Ajay Srivastava, founding father of GTRI, estimates exports from affected sectors might plunge 70%, collapsing from $60.2 billion to $18.6 billion. General shipments to the US might fall 43%, threatening lots of of 1000's of jobs throughout India's export hubs.
Additionally Learn: Trump's 50% tariff shock hits India: New Delhi faces one of its toughest trade blows in years
The macroeconomic fallout
India sends roughly 18% of its complete exports to the US, equal to about 2.2% of GDP, with key sectors like textiles, gems and jewelry, and leather-based delivery 30–40% of their world output to America, based on Nomura. For firms working on skinny margins, the newly introduced 50% tariff might be crippling.
Gaura Sengupta, chief economist at IDFC First Financial institution, estimates that the tariff might shave 0.4% off FY26 GDP development.
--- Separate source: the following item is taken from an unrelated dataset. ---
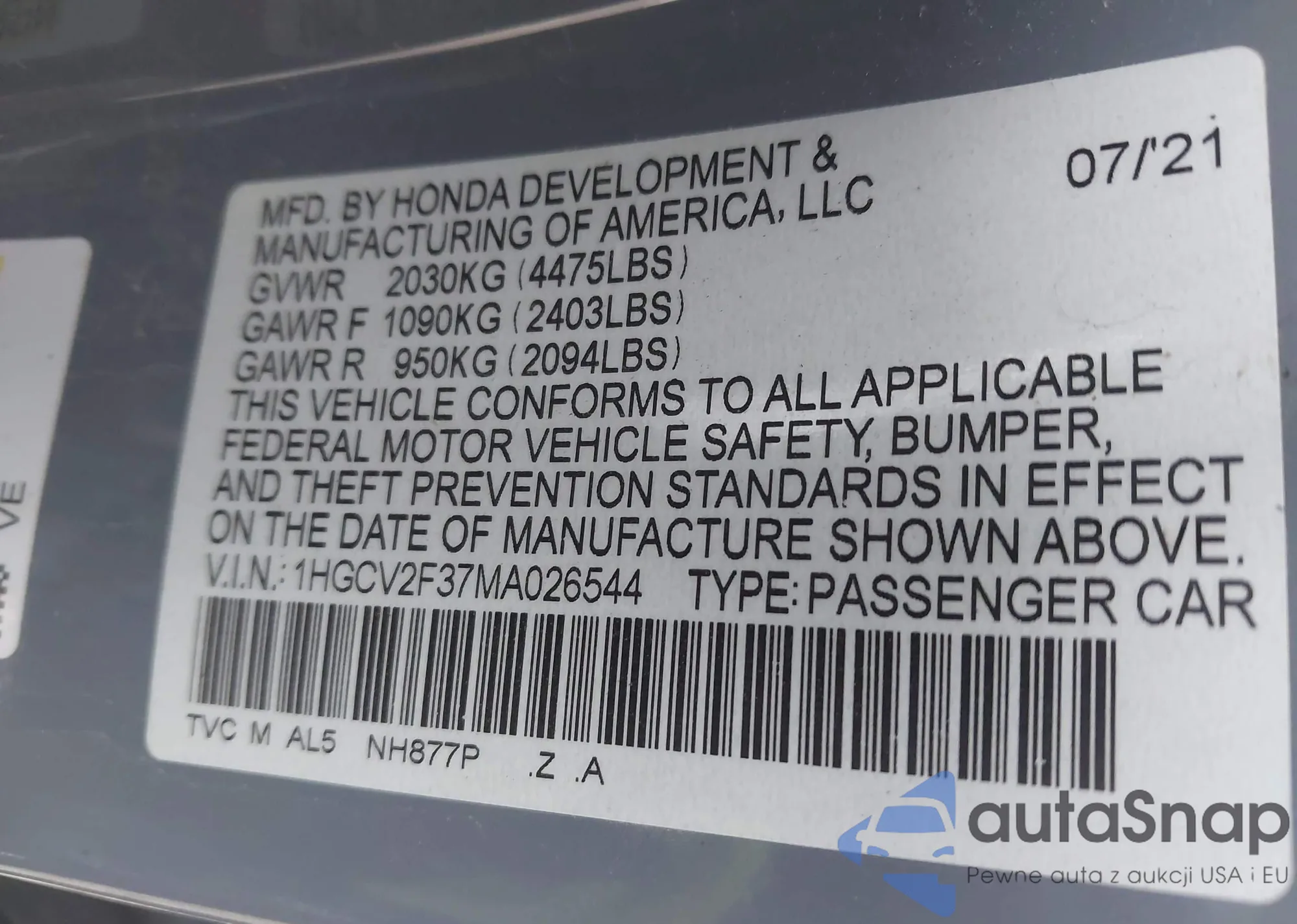 • VIN: 1HGCV2F37MA026544

Sakshi Gupta, principal economist at HDFC Financial institution, warns the impression might push development under 6%, saying, “We must considerably decrease FY26 GDP development forecast to under 6%, baking in at the least a 40–50 bps hit — double from our earlier estimates.” She provides that second-round results on personal funding, home manufacturing and labour markets might turn out to be a key danger.
Unemployment provides to the priority. India's general jobless charge was 5.6% in June, with city unemployment at 7.1%. Tens of millions of employees in textiles, jewelry and seafood sectors might be affected if shipments to the US decline by 20–30%, probably destabilising politically delicate states, based on analysts.
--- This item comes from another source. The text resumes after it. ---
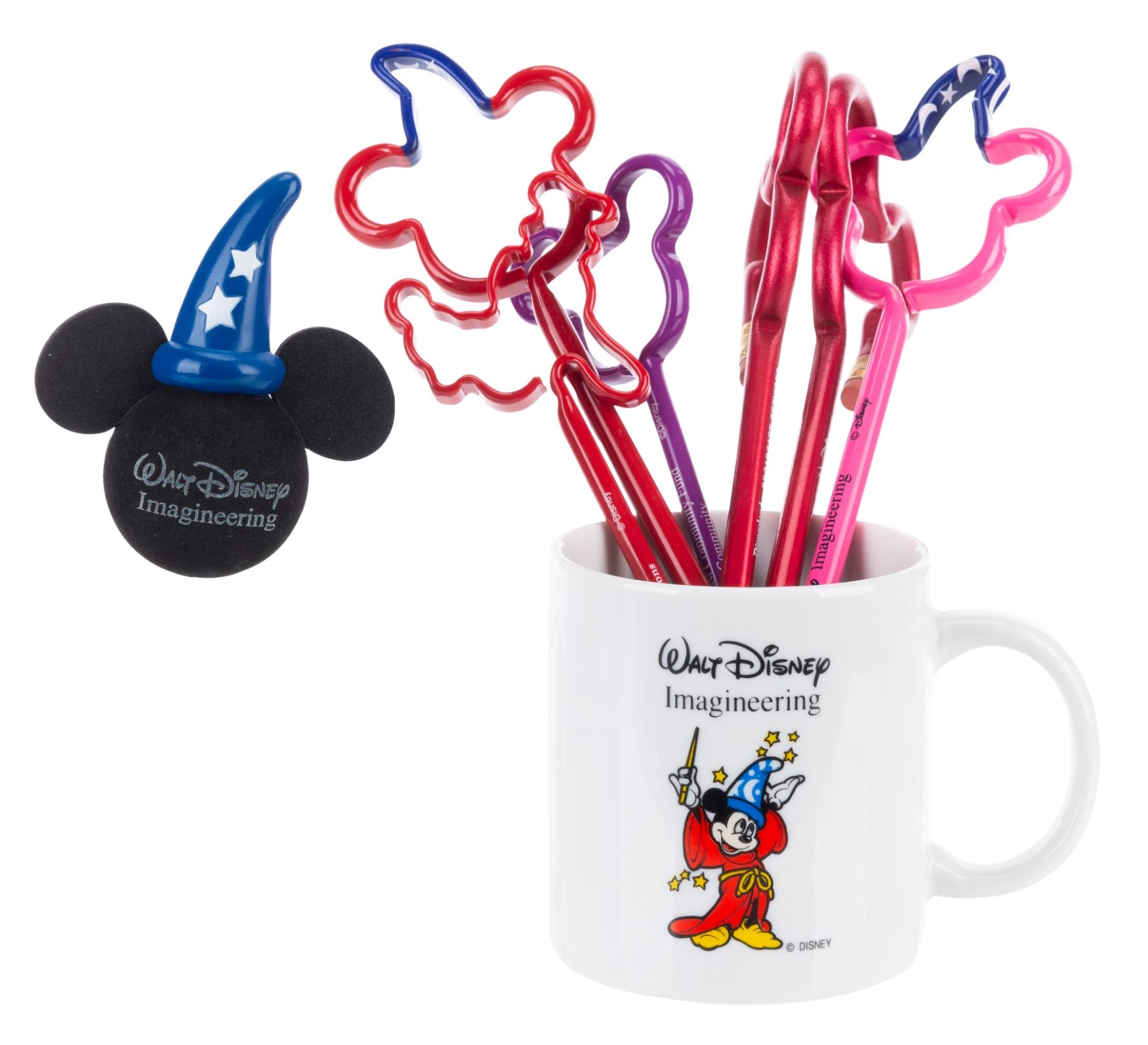 A Walt Disney Imagineering Mug, Pens, Pencils, & Antennae Topper.

Bloomberg notes that the tariffs might additional stress company earnings after a weak quarter, notably for banks and IT corporations, regardless of current consumption tax cuts by Prime Minister Narendra Modi geared toward boosting the economic system. There's additionally concern that the federal government's fiscal plan might widen the deficit, which has already contributed to a 22-basis-point rise in benchmark yields this month.
Abhishek Upadhyay, senior economist at ICICI Securities Main Dealership Ltd, warns that if the 50% tariff persists, the impression might attain 1% of GDP over the complete yr, with wider implications for financial coverage and bond yields.
Nonetheless, some assist stays. The Reserve Financial institution of India Governor has advised that the quick impression of tariffs might be restricted, and upcoming commerce negotiations with the US provide a possible reprieve.
Varun Laijawalla, a London-based fund supervisor at Ninety One UK Ltd, says, “A mix of China's AI-led rally, new fairness issuances, and US-related geopolitical tensions has contributed to India's near-term underperformance.”
How is India responding?
India is providing monetary support, larger financial institution mortgage subsidies, and assist for exporters to diversify their markets. Officers have recognized almost 50 international locations the place exports might develop. Commerce talks with the US are reportedly ongoing regardless of the upper tariffs.
Has India modified its stance on Russian oil?
To date, India hasn't directed any modifications to its oil imports from Russia. Russian embassy officers in New Delhi say Moscow expects to maintain supplying oil to India.